Ok so was in die Richtung war auch gedacht. 
Wäre eine 1080 auch drinnen oder eher die 1070?
Beim RAM müsste es ddr3 sein richtig? Hättet ihr da einen Vorschlag?
Danke schon mal für die Informationen​!!!


----------



## BlackPh0eniX (28. März 2017)

Ausversehen doppelt gepostet Entschuldigung.


----------



## Spiritogre (28. März 2017)

Ob 1070 oder 1080 hängt einzig von deinen Ansprüchen und deinem Budget ab. Wobei die 1080 eigentlich nur interessant ist, wenn du entweder einen GSync Monitor mit 140 Hz hast oder einen Monitor mit WQHD Auflösung. Für normales 1080p mit 60FPS ist die 1080 (ti) völlig überdimensioniert.


----------



## BlackPh0eniX (28. März 2017)

Ok wird dann eine 1070 sind da große Unterschiede welche ich nehme ? Und wie sieht das mit dem RAM aus?


----------



## Spiritogre (28. März 2017)

RAM ist leider aktuell ein wenig teuer geworden. Je nachdem wieviele Slots du frei hast kannst du dein bisheriges RAM auch zusätzlich weiter nutzen. Ich habe Corsair Vengeance 1600 MHz CL9, aber welches du nimmst ist eigentlich relativ egal.

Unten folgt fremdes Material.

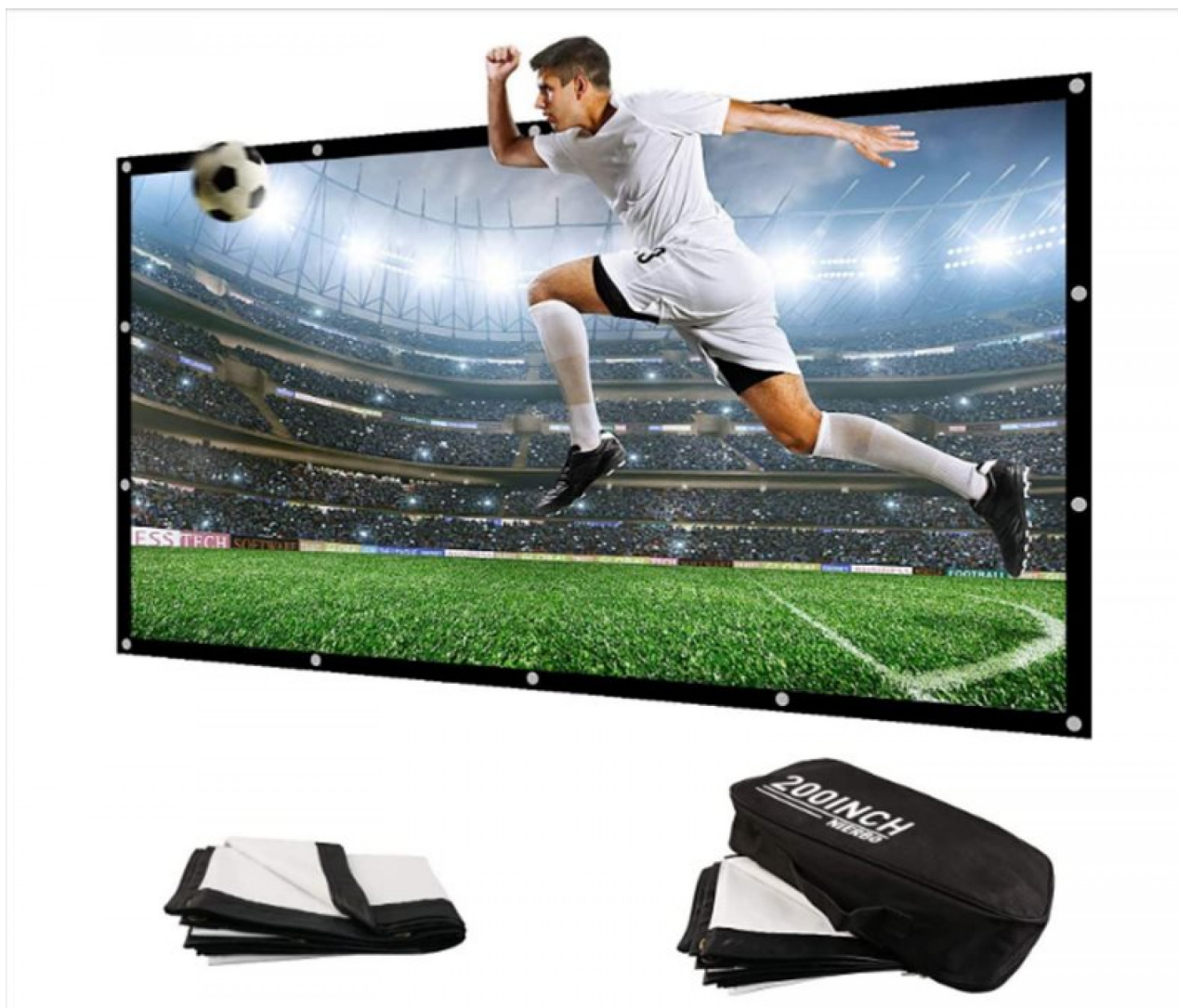
Obrázky, které vyskakují Amazonka

Existuje několik prvků, které rozhodnou o tom, zda váš systém domácího kina poskytne přesně ten typ zážitku, který hledáte. Displej je na vrcholu tohoto seznamu. Je to korunovační klenot vašeho systému domácího kina.
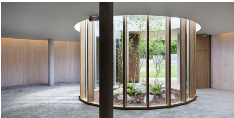
Un des patios
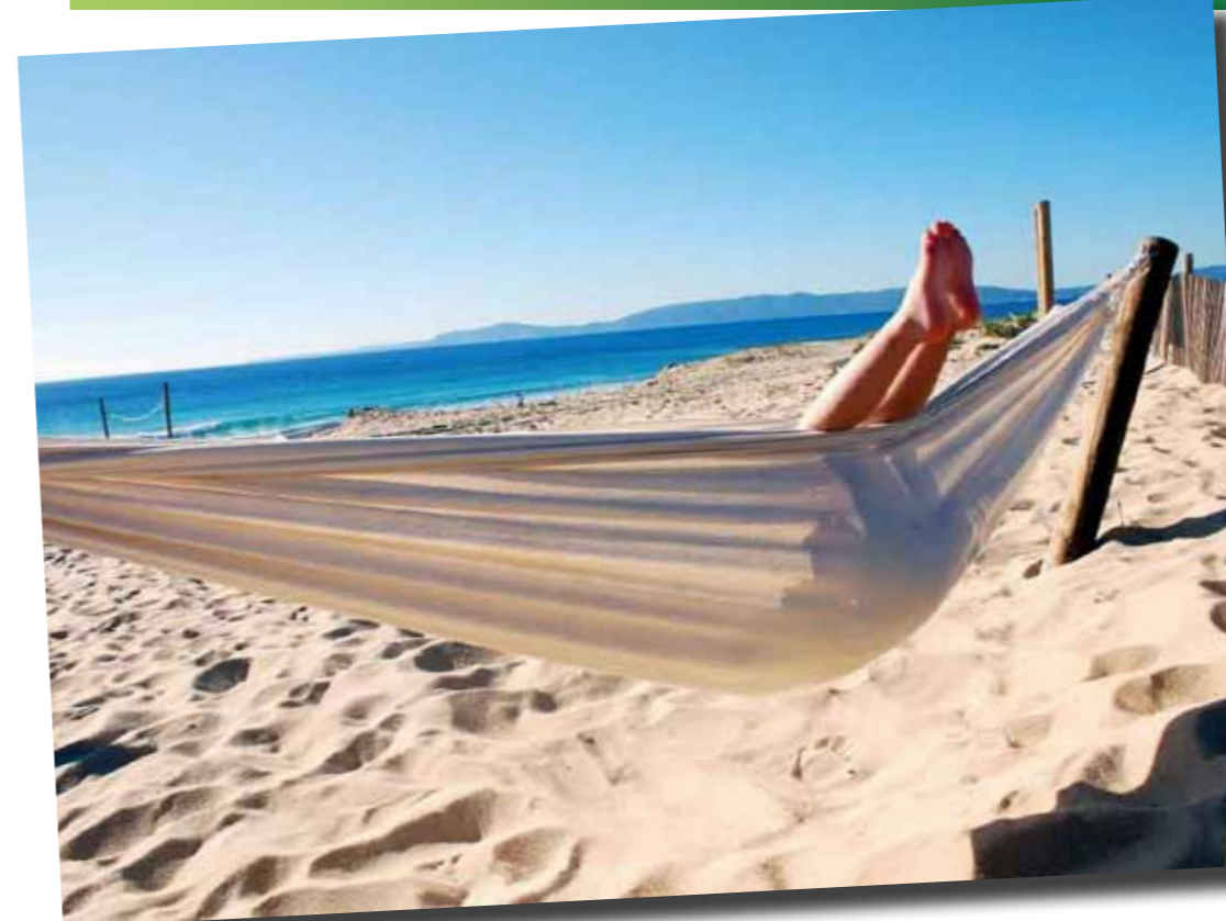
Portugal försöker sedan årsskiftet att locka till sig pensionärer och, kanske framförallt, pensionskapital genom att erbjuda total skattefrihet på tjänstepensionsinkomster.

Det var först under 2010 som Portugal införde nya skatteregler för privata tjänstepensioner för invandrare. Först till sommaren 2011 kommer SCB att ha ny statistik klar som visar om den nya skattemoroten haft någon dragningskraft på svenskarna.

Bei der Grafikkarte würde ich einfach mal nach Angeboten schauen. Recht populär aktuell scheinen die MSI zu sein.


----------



## Herbboy (28. März 2017)

Also, du kannst durchaus auch eine GTX 1080 nehmen. Die hat aber unter Full-HD nur etwa 15-17% mehr Leistung als eine GTX 1070 - vor nem Monat hätte ich da gesagt "VIEL zu teuer!", aber inzwischen kostet die GTX 1080 nur noch 100€ mehr als eine GTX 1070, so dass du die GTX 1080 durchaus nehmen kannst, WENN es Dir das wert ist. "zu viel" ist die auf keinen Fall, denn zB in GTA 5 bringt die bei maximalen Details in FullHD um die 60 FPS, die GTX 1070 halt 70. Jetzt gibt es halt Leute, denen 40 FPS locker reichen (ich zb), andere rasten unter 60 FPS fast aus    Hängt also von Dir ab, welche der beiden du nun nimmst.

Eine günstige und ab Werk auch schon übertaktete  GTX 1070 wäre zb die hier https://geizhals.de/gigabyte-geforc...-n1070wf2oc-8gd-a1457327.html?hloc=at&hloc=de

Zum RAM: da kannst du in der Tat irgendein DDR3-1600 nehmen, zB 2x4GB https://geizhals.de/teamgroup-elite...38g1600hc11dc01-a1160955.html?hloc=at&hloc=de   oder direkt das alte raus und 2x8GB https://www.alternate.de/G-Skill/DI...product/1110480?campaign=DDR3/G.Skill/1110480 oder https://www.notebooksbilliger.de/16gb+kit+2x8gb+ballistix+sport+ddr3+1600+cl9+dimm+240pin?nbb=45c48c


----------



## experte5 (28. März 2017)

Beim Ram kannst entweder 2x4 oder 2x8 GB nachrüsten, das MB hat ja 4 Slots und unterstützt bis zu 32GB.

Wobei ich zu 2x4 GB tendieren würde, günstiger und 16 reichen auch leicht, wenn man nicht gerade viel Videoschnitt, Bildbearbeitung etc. macht...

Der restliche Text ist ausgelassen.